Comfort and solidarity
The language itself is not dense, however the collage of moments; the shifting of scenes, speakers, and images can provide knots of sense for the reader to tangle with as they are finding their way in the text. These slow a reader down and make a reader really examine what their own associations and values are. At times the meaning is a collaborative construction between author and reader. And yet these moments that foreground separation, isolation, and an incommensurability also foreground ways in which language can live on its own, beautiful and disassociated. “In my mind I already live in another country. I’ve moved there / already. The beautiful language.”

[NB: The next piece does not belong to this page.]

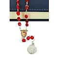 Rosario Prezioso Sangue con Spiegazione e Legatura a Mano, Plastica e Metallo, Rosso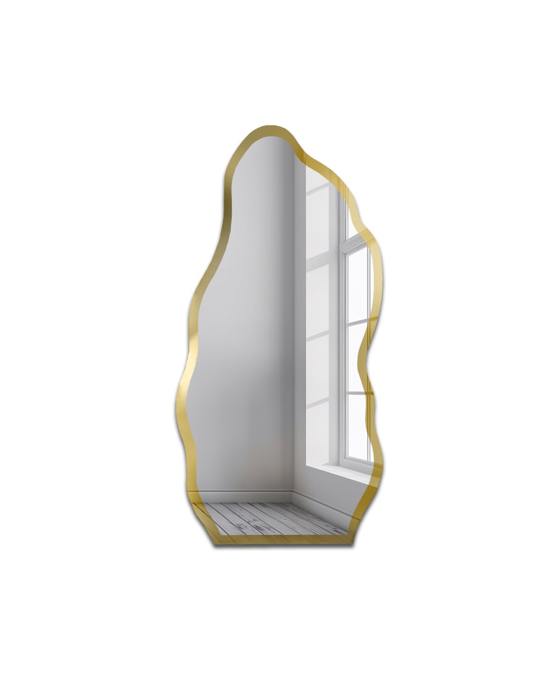 Nieregularne lustro w ramie złoty połysk - AURO II SHINE

Futureless Languages is a book of comfort and solidarity if you, like the book, are struggling to know how to say the present, how to stay in the present. It recognizes the fraught and the profoundly surreal experience of trying to grapple with engulfment in a series of separate but connected disasters — disasters, which leak into daily life and acquire a kind of normalness in spite of one’s resistance or horror. The poem “Failure at Music” mourns a loss of connection to animal wildness, and yet as a whole the book does not founder in anger and despair. Rather it hints at a sense of biding one’s time, paying attention to moments when movement is possible. It is a text that intimates and invites you to collude with it “I do / things to undermine our insanity. I’ll never tell you them here.”
Futureless Languages is released December 14 from Radiator Press, a new Philadelphia based poetry press edited by Ryan Eckes and Ian Davisson.